Cyclin-dependent kinase 1 (CDK1) plays a crucial role in various mitotic processes such as cytoskeletal reorganization, chromosome segregation, and cytokinesis. It is an essential regulatory factor. CDK1 is expressed stably throughout the cell cycle, and its activity is closely related to cyclin A and cyclin B, while being regulated by many post-translational modifications (PTMs), with phosphorylation being the most significant. Throughout the cell cycle, CDK1 can phosphorylate numerous mitotic substrates, thereby precisely controlling the mitotic process in both time and space. Nevertheless, the currently identified phosphorylated substrates are quite limited.

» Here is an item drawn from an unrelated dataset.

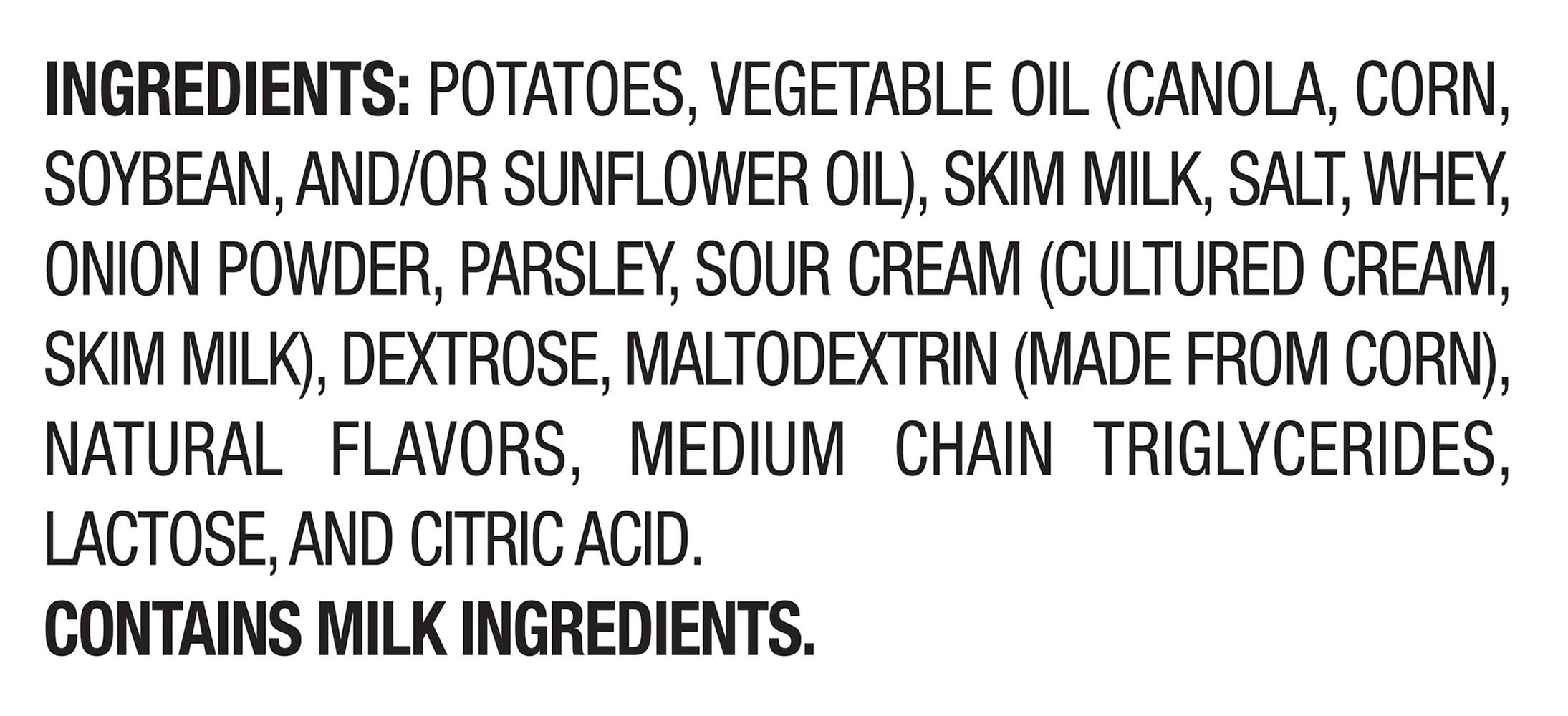 Ingredients: Potatoes, Vegetable Oil (Canola, Corn, Soybean, and/or Sunflower Oil), Skim Milk, Salt, Whey, Onion Powder, Parsley, Sour Cream (Cultured Cream, Skim Milk), Dextrose, Maltodextrin (Made from Corn), Natural Flavors, Medium Chain Triglycerides, Lactose, and Citric Acid Contains: Milk, Corn, Soybeans, Lactose

To better reveal the network structure of CDK1 phosphorylation, the authors utilized quantitative phosphoproteomics technology SILAC to quantitatively compare phosphorylation levels in HeLa cells. Due to the relatively high rate of the cell cycle in cancer cells, small molecule inhibitors targeting CDK1 are a very effective class of chemotherapy drugs. The authors selected two small molecule inhibitors of CDK1: Flavopiridol and RO-3306. The former is an ATP-competitive inhibitor and the first CDK inhibitor to enter clinical trials; the latter is a recently reported inhibitor with higher selectivity for CDK1. Under the presence of the inhibitors, the authors identified a total of 24,840 phosphorylation sites, of which the phosphorylation levels of 1,215 sites from 551 proteins decreased by at least 2.5 times. Through sequence analysis, these phosphorylation sites were found to be enriched before proline, consistent with the classic substrate sequence of CDK1, and these substrates are concentrated in proteins specifically expressed during the G2 and M phases of the cell cycle.
This article successfully applied quantitative proteomics technology to solve a critical issue in cell division, providing a vast database of CDK1 substrate distribution, which is a significant advantage of omics technology.